Information provided:

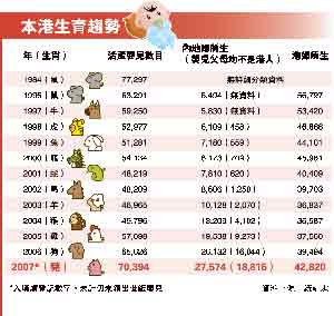 據(jù)香港明報報道,2007年醫(yī)管局共錄得39,182名新生嬰數(shù)字,醫(yī)管局總行政經(jīng)理鄭信恩說,雖然傳統(tǒng)上生仔旺季一向在9月至11月,但今年首個半月公立醫(yī)院生產(chǎn)個案,已明顯較去年同期上升,“去年經(jīng)濟好,市民積極想生育多點,估計今年生育也會多,新生嬰應會超過去年!
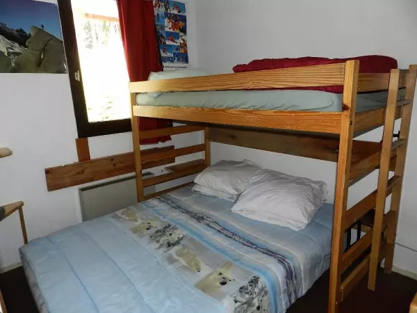 PETIT 2 PIECES,loué en studio cabine pour 4 personnes, environ 24m², à 300 m des pistes et ESF, vue pistes, exposition OUEST, avec balcon, au 5° étage, avec un ascenseur.
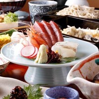 職人がこだわり抜いた自家製粉手打ちそばをはじめ、お造り盛り合わせや季節の天ぷらなど全9品。そばの風味豊かな香りと、打ちたて・茹でたての食感をお楽しみください。 別途90分飲み放題3,000円

Task details: Every line above should be duplicated exactly; the pictures are to be left out.

Written solution:
 據(jù)香港明報報道,2007年醫(yī)管局共錄得39,182名新生嬰數(shù)字,醫(yī)管局總行政經(jīng)理鄭信恩說,雖然傳統(tǒng)上生仔旺季一向在9月至11月,但今年首個半月公立醫(yī)院生產(chǎn)個案,已明顯較去年同期上升,“去年經(jīng)濟好,市民積極想生育多點,估計今年生育也會多,新生嬰應會超過去年!
 PETIT 2 PIECES,loué en studio cabine pour 4 personnes, environ 24m², à 300 m des pistes et ESF, vue pistes, exposition OUEST, avec balcon, au 5° étage, avec un ascenseur.
 職人がこだわり抜いた自家製粉手打ちそばをはじめ、お造り盛り合わせや季節の天ぷらなど全9品。そばの風味豊かな香りと、打ちたて・茹でたての食感をお楽しみください。 別途90分飲み放題3,000円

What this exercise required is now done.